Integration Test Guidelines

Live Tests

Live tests (like test_client_live.py) require actual configuration:

import pytest
from pathlib import Path

# Skip if config.yaml not present
CONFIG_PATH = Path("../config.yaml")
if not CONFIG_PATH.exists():
    pytest.skip("config.yaml required for live tests", allow_module_level=True)

def test_live_chat():
    """Test actual agent conversation."""
    client = DeerFlowClient()
    response = client.chat("Hello", thread_id="test-thread")
    assert isinstance(response, str)
    assert len(response) > 0

Run live tests separately:

PYTHONPATH=. uv run pytest tests/test_client_live.py -v

Gateway Conformance Tests

Ensure client responses match Gateway API schemas:

from src.gateway.routers.models import ModelsListResponse, ModelResponse

class TestGatewayConformance:
    def test_list_models_response_format(self, client):
        """Verify list_models() matches Gateway schema."""
        result = client.list_models()
        
        # Should parse without error
        response = ModelsListResponse(**result)
        
        assert len(response.models) > 0
        assert all(isinstance(m, ModelResponse) for m in response.models)

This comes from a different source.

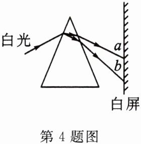 4. 如图,一束太阳光斜射到三棱镜上,经三棱镜折射后,在白屏上形成一条彩色的光带,这是光的
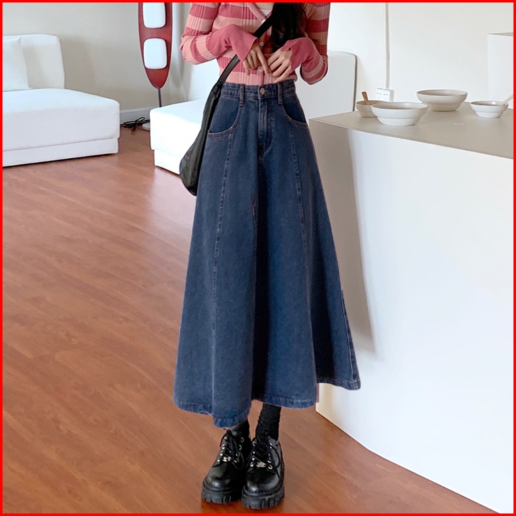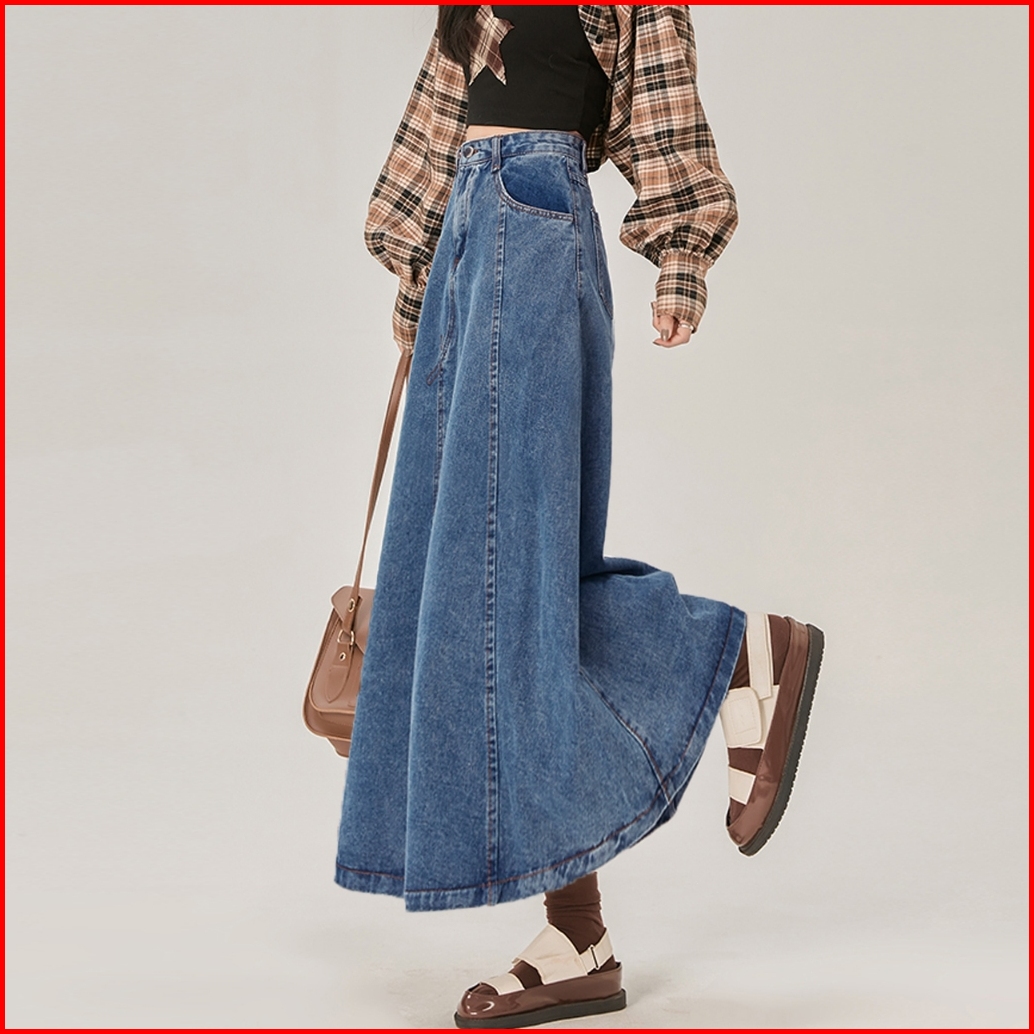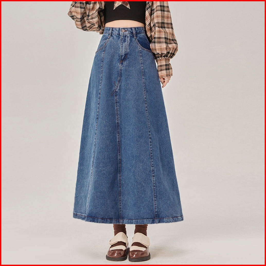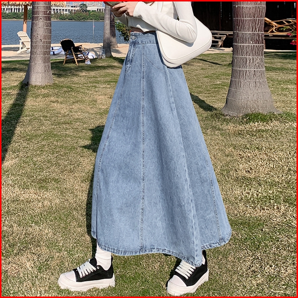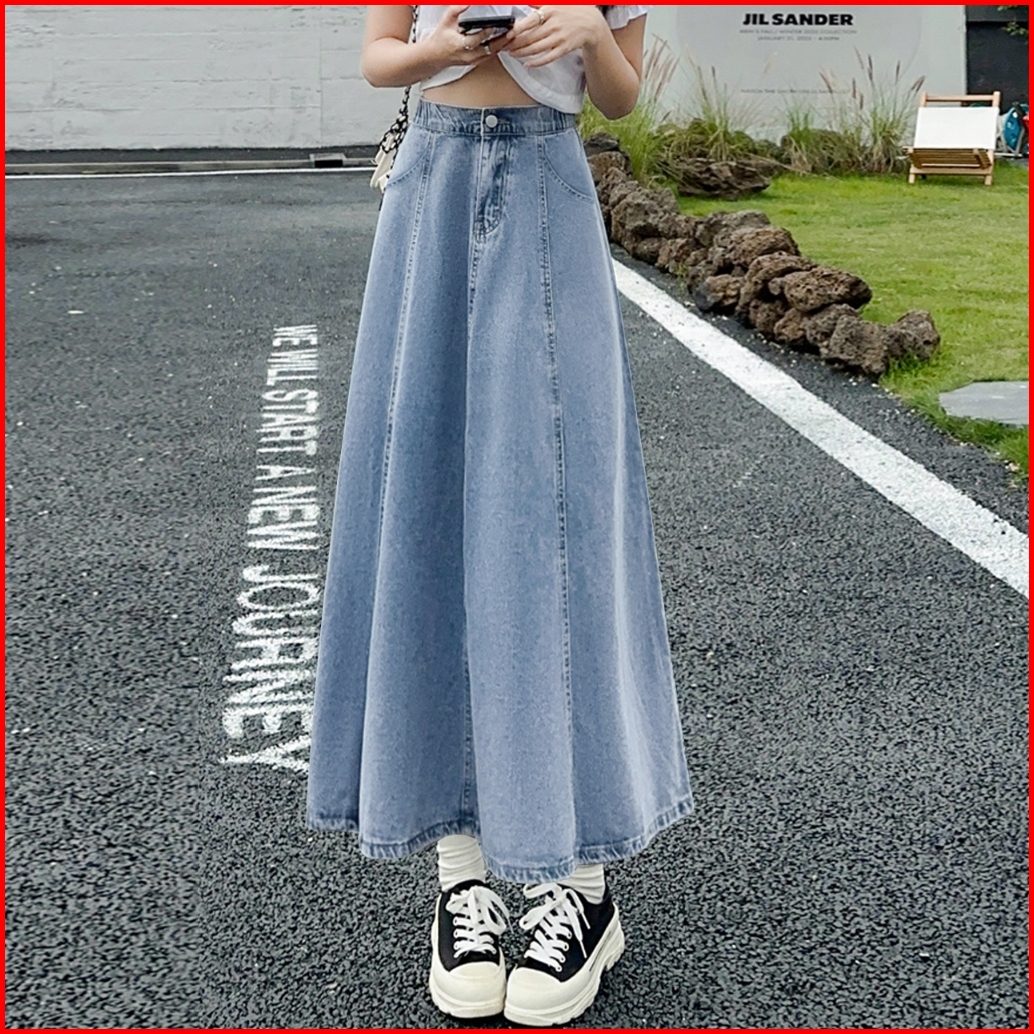 Denim Skirt Wanita Mid-length High Waisted Thin Loose Elastic Waist A-line Skirt

This catches schema drift between client and Gateway API.

Testing Patterns

Pattern 1: Configuration Testing

def test_config_with_environment_variables(monkeypatch):
    """Test config resolution from environment."""
    monkeypatch.setenv("OPENAI_API_KEY", "test-key")
    
    config = load_config("config.yaml")
    model = config.models[0]
    
    # Config values starting with $ are resolved from env
    assert model.api_key == "test-key"

Pattern 2: Subprocess Testing

import subprocess

def test_script_execution():
    """Test shell script behavior."""
    result = subprocess.run(
        ["bash", "-c", "source script.sh && my_function"],
        capture_output=True,
        text=True,
    )
    
    assert result.returncode == 0
    assert "expected output" in result.stdout

Pattern 3: File System Testing

def test_file_creation(tmp_path):
    """Test file operations with temporary directory."""
    output_dir = tmp_path / "output"
    
    create_files(output_dir)
    
    assert output_dir.exists()
    assert (output_dir / "file.txt").exists()
    assert (output_dir / "file.txt").read_text() == "expected content"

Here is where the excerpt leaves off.